As some of the products listed above (like paraffin) imply, they cannot be used with water. You will need to purchase smaller pieces of equipment like a paraffin heater and rolling cart to put it on so you can have access as you apply the paraffin with a brush or drape sheet around the body. Also keep in mind that if you don't plan on offering shower facilities or wet rooms, you will need to make sure your spa rep equips you with all the tools you will need to perform the treatments. We will talk more about creating relationships and how important it is to be more than "a number" with your supplier in the future. It never hurts to ask your spa rep what accessories you will need, although your spa rep should recommend what items you need to perform the treatments.

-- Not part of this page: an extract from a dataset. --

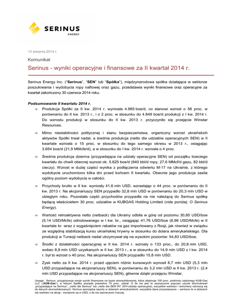 13 sierpnia 2014 r. Komunikat Serinus - wyniki operacyjne i finansowe za II kwartał 2014 r. Serinus Energy Inc. (“Serinus”, “SEN” lub “Spółka”), międzynarodowa spółka działająca w sektorze poszukiwania i wydobycia ropy naftowej oraz gazu, przedstawia wyniki finansowe oraz operacyjne za kwartał zakończony 30 czerwca 2014 roku. Podsumowanie II kwartału 2014 r. • Produkcja Spółki za II kw. 2014 r. wyniosła 4.965 boe/d, co stanowi wzrost o 56 proc. w porównaniu do II kw. 2013 r., i o 2 proc. w stosunku do 4.849 boe/d produkcji z I kw. 2014 r. Do wzrostu produkcji w stosunku do II kw. 2013 r. przyczyniło się przejęcie Winstar Resources. • Mimo niestabilności politycznej i stanu bezpieczeństwa, organiczny wzrost ukraińskich aktywów Spółki trwał nadal, a średnia produkcja (netto dla udziałów operacyjnych SEN) w II kwartale wzrosła o 15 proc. w stosunku do tego samego okresu w 2013 r., osiągając 3.654 boe/d (21,9 MMcfe/d), a w stosunku do I kw. 2014 r. wzrosła o 4 proc. • Średnia produkcja dzienna (przypadająca na udziały operacyjne SEN) od początku trzeciego kwartału do chwili obecnej wynosi ok. 5.625 boe/d (940 bbl/d ropy, 27,6 MMcf/d gazu, 82 bbl/d cieczy). Wzrost w dużej części wynika z podłączenia odwiertu M-17 na Ukrainie, z którego wydobycie uruchomiono kilka dni przed końcem II kwartału. Obecnie jego produkcja zasila ogólny poziom wydobycia w całości. • Przychody brutto w II kw. wyniosły 41,6 mln USD, wzrastając o 44 proc. w porównaniu do II kw. 2013 r. Na akcjonariuszy SEN przypadło 32,8 mln USD w porównaniu do 20,3 mln USD w ubiegłym roku. Pozostała część przychodów przypadła na nie należącą do Serinus spółkę będącą właścicielem 30 proc. udziałów w KUBGAS Holding Limited (vide poniżej: O Serinus Energy). • Wartość retroaktywna netto (netback) dla Ukrainy odbiła w górę od poziomu 30,85 USD/boe (5,14 USD/Mcfe) odnotowanego w I kw. br., osiągając 41,76 USD/boe (6,96 USD/Mcfe) w II kwartale br. wraz z wygaśnięciem rabatów na gaz importowany z Rosji, jak również w związku ze względną stabilizacją kursu ukraińskiej hrywny w stosunku do dolara amerykańskiego. Dla produkcji w Tunezji netback nadal utrzymywał się na wysokim poziomie: 54,83 USD/boe. • Środki z działalności operacyjnej w II kw. 2014 r. wzrosły o 133 proc., do 20,8 mln USD, wobec 8,9 mln USD uzyskanych w II kw. 2013 r., a w stosunku do 14,9 mln USD z I kw. 2014 r. był to wzrost o 40 proc. Na akcjonariuszy SEN przypadło 15,8 mln USD. • Zysk netto za II kw. 2014 r. przed ujęciem różnic kursowych wynosił 8,7 mln USD (5,3 mln USD przypadające na akcjonariuszy SEN), w porównaniu do 3,2 mln USD w II kw. 2013 r. (2,4 mln USD przypadające na akcjonariuszy SEN), głównie dzięki przejęciu Winstar. Uwaga: Serinus przygotowuje swoje wyniki finansowe na bazie skonsolidowanej, która obejmuje 100 proc. podmiotu zależnego KUB-Gas LLC („KUB-Gas”), w którym Spółka posiada pośrednio 70 proc. udział. O ile nie jest to zaznaczone poprzez użycie sformułowań „przypadające na Serinus”, „netto dla Serinus” lub „netto dla SEN WI” (WI=udziały operacyjne), wszystkie wartości i wolumeny odnoszą się do danych skonsolidowanych. Serinus sporządza raporty w dolarach amerykańskich, wszystkie dane przywoływane – zarówno te w dolarach lub wartości na akcję - wyrażone są w USD, o ile nie zaznaczono inaczej. • Serinus odnotował w II kwartale 2014 r. całkowity dochód w wysokości 6,7 mln USD. Wpływ na całkowity dochód miało ujęcie niezrealizowanych ujemnych różnic kursowych w wysokości 2,0 mln USD. Jest to związane z przeliczeniem sprawozdań finansowych ukraińskich spółek zależnych z UAH na USD i odzwierciedla osłabienie kursu UAH. W związku z tym, że kurs wymiany ulega wahaniom, zmienia się równowartość wykazywana w dolarach amerykańskich, nie wpływa to jednak na zdolność tych aktywów lub zobowiązań do realizacji założonych dla nich celów. Jeśli hrywna się umocni, część lub całość tej niezrealizowanej straty zostanie odrobiona. • Nakłady inwestycyjne w II kwartale br. wyniosły 16,1 mln USD, w porównaniu do 9,3 mln USD w analogicznym okresie roku 2013. • W trakcie II kwartału KUB-Gas LLC dokonał wypłaty dywidendy w wysokości 10,5 mln USD (7,35 mln USD dla udziałów operacyjnych SEN). • W II kw. 2014 r. Spółka dokonała dwóch wcześniejszych spłat - na łączną kwotę 7 mln USD zabezpieczonej pożyczki, udzielonej przez Dutco Energy Limited. Następnie, w okresie po 30 czerwca 2014 r. Spółka spłaciła jeszcze 8 mln USD pożyczki, która tym samym została ostatecznie rozliczona. Podsumowanie wyników finansowych (w tys. USD, o ile nie zaznaczono inaczej) Trzy miesiące zakończone 30 czerwca 2014 41.635 2013 28.929 Zmiana 44% Zysk za okres (wg Sprawozdania) na akcję - podstawowy i rozwodniony 8.733 $0,11 3.181 $0,06 175% Zysk za okres (przypadajacy na Serinus) na akcję - podstawowy i rozwodniony 5.344 $0,07 829 $0,02 545% Całkowity dochód na akcję - podstawowy i rozwodniony 6.737 $0,09 3.181 $0,06 112% 20.840 $0,27 8.928 $0,18 133% $15.778 $0,20 ($4.078) ($0,08) Nakłady inwestycyjne 16.059 9.258 73% Średnia produkcja (netto dla Serinus) Ropa naft. (Bbl/d) Gaz (Mcf/d) Ciecze (Bbl/d) BOE (boe/d) 982 23.293 101 4.965 18.331 124 3.179 27% (19%) 56% $108,13 $10,56 $77,79 $76,72 nd $11,55 $88,76 $70,02 30 czerwca 2014 15.719 (11.727) 15.413 2013 19.253 9.524 5.352 Przychody ze sprzedaży ropy naftowej i gazu Przepływy z działal.operacyjnej (wg Sprawozdania) na akcję - podstawowy i rozwodniony Przepływy z działal.operacyjnej (przyp. na Serinus) na akcję - podstawowy i rozwodniony Średnia cena sprzedaży Ropa naft. (USD/Bbl) (USD/Mcf) Gaz Ciecze (USD/Bbl) BOE (USD/boe) Środki pieniężne i inne aktywa pieniężne Kapitał obrotowy Kredyt długoterminowy Liczba akcji Na koniec okresu Średnio w okresie (podstawowa) Średnio w

Here are some things to keep in mind when thinking about ingredients. Does this match my client's needs? Does it match my spa theme? What are the contraindications? What are the benefits? The main problem when discussing a particular ingredient is the fact that most of the "talk" hasn't been scientifically studied or proven. Unless the manufacturer has paid for the independent study or conducted countless tests, they can only make general statements regarding the ingredients in their products. For instance, we all know the benefits vitamin E has when taken internally, but how many of us know of a study in which it's applied to the skin? I'm not looking to pick on anyone in particular. Just be aware of the limitations the manufacturers have, and make sure you match up the general ingredients with your vision and intention.
This also leads to our next topic: contraindications. Because so many ingredients have not been clinically tested, again, all manufacturers are left with making general statements. For instance, it's not recommended that you use seaweed-based products on a client who has a thyroid condition. Because we know that seaweed contains certain amounts of iodine and that iodine is controlled by the thyroid, and because we also know a certain amount of product is absorbed into the skin, it doesn't take a genius to figure out why it's important to ask the questions. Other clients have a very adverse reaction to nut oils. Therefore, you would want to make sure your spa products do not contain such ingredients, or at the very least, you'd want to have an alternative product available to meet those clients' needs.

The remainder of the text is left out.